When a dragon and lion dance troupe is hired by a family, the drums, gongs and cymbals beckon neighbors to come watch a free show, and the kids are especially mesmerized. A Monkey King chases a terrified boy. Carrying another man on his shoulders, a chubby, shirtless dude walks on broken glass as a young woman grimaces. Of course, many people simply pass by, minding their own business. Similar stunts are already seen year-round at funerals. It’s no big deal to stumble onto a sword swallower or some guy balancing a motorbike on his forehead as you go get some pho. In Vietnam, the bizarre is often inserted into the quotidian.
It is the Year of the Pig. With its rotund, gluttonous shape, noisy eating, wallowing in mud and seeming insolence, the pig is a larded symbol. In Wu Cheng’en’s Journey to the West, there’s a striking pig character, Zhu Bajie, with a long, red and gaping snout, ending with a mouth smeared with slop. Lazy and lusty, Zhu Bajie is nevertheless endowed with a long list of magical powers, including the abilities to see through substances, shorten vast distances, flatten mountains, turn night into day, scale the highest mountains, dive into the deepest oceans, lift enormous boulders, turn paper into money and adults into children, all those things, in short, that modern man, the ultimate pig, has managed to do.
In Vietnamese, a pornographic film is called a “pig film,” for naked humans resemble pigs, a perception that’s more apparent in the Orient, where men tend to be hairless and round edged.
Aesop has a pig fatten on barley, then slaughtered, which prompts a stupid ass to refuse the leftover grains, for he fears the knife, though it’s not meant for him.

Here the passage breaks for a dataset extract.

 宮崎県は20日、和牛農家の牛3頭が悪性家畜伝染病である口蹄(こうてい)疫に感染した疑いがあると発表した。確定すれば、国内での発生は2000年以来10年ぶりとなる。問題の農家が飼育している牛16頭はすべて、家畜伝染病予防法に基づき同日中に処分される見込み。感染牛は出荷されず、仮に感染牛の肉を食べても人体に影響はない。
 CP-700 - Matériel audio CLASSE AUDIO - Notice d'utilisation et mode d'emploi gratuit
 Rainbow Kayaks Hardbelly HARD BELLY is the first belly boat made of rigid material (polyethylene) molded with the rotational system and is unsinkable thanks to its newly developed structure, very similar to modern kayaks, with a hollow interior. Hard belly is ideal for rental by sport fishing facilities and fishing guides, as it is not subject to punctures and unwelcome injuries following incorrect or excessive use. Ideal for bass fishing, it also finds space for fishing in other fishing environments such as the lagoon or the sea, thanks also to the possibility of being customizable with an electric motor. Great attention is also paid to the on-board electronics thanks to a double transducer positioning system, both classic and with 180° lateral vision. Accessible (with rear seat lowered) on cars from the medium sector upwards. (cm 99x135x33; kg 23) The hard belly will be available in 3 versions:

Orientals and Germans devour pigs, while Semites shun them, and in the Bible, the prodigal son reaches his nadir when he’s forced to be among pigs all day long.

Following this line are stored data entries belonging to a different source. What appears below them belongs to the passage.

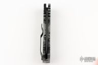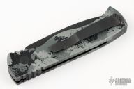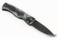 This TR-2 Skull Surprise P.K. Splash Custom Edition Auto has a black finished 154-CM spear/ drop point blade. Handle is custom splash anodized alumium by Peter Kellett, meaning each piece is a true one-of-a-kind custom. Shaw designed sterling silver skull inset, black lip pearl auto button, and black finished stainless steel tip up clip. Excellent condition. Comes with nylon velcro sheath and original box and paperwork.
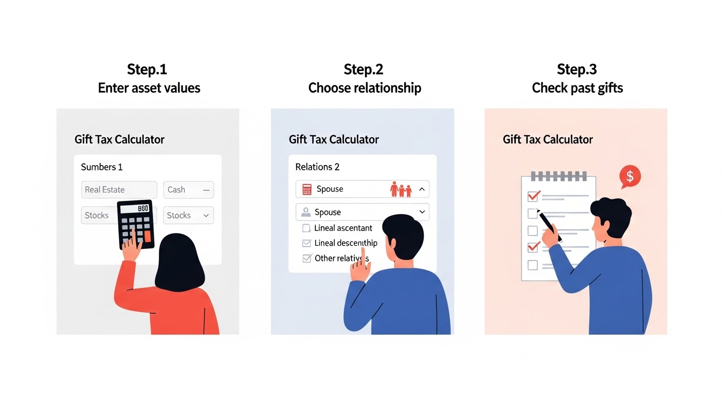 홈택스 등에서 제공하는 계산기는 증여재산가액, 증여자-수증자 관계, 최근 10년 내 동일인 증여내역을 입력하면 과세표준·세율·예상 세액을 자동 계산합니다. 결과 화면은 저장·인쇄하여 신고 시 참고할 수 있습니다.
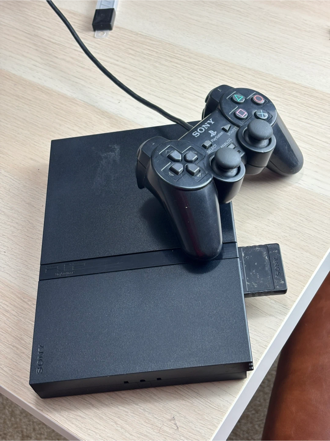 Selling a used Sony PlayStation 2 console. It comes with one controller and an 8MB memory card and all the cables. Perfect for reliving some classic gaming moments!
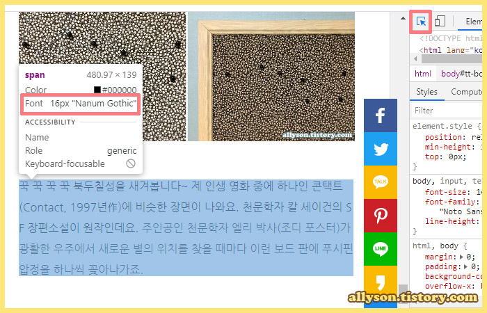 화살표가 파란색으로 바뀌는 걸 확인하고, 본문의 내용의 한 부분에 (클릭하지 않고) 커서만 올리면 현재 폰트크기를 확인할 수 있습니다. 원래 15px이었는데 16px로 수정한 상태입니다. 제가 사용했던 12포인트(pt)=16픽셀(px)입니다. 대부분의 브라우저에서 사용하는 폰트 기본값이 12pt=16px=1em=100%입니다.

Jewish Art Spiegelman depicts Germans as cats, Jews as mice and Poles as pigs. Jewish Kafka allegorizes Jews as jackals.
None of the above pig samples are as familiar, perhaps, as the term “capitalist pig,” first coined in the 1920’s by Communists. In Orwell’s Animal Farms, however, the revolution itself is pointedly led by pigs, who end up just as brutal, predictably, as men, for there’s a pig inside each sentient being.
To have pigs supplant men as the best hope of mankind is the sickest historical joke ever, and it’s far from over.
Instead of piggy banks, we have pig banksters. Who are our biggest pigs, and what should we do about them?
Pig enough, I pig out when given a chance. My pig days are winding down. Welcome to another Year of the Pig.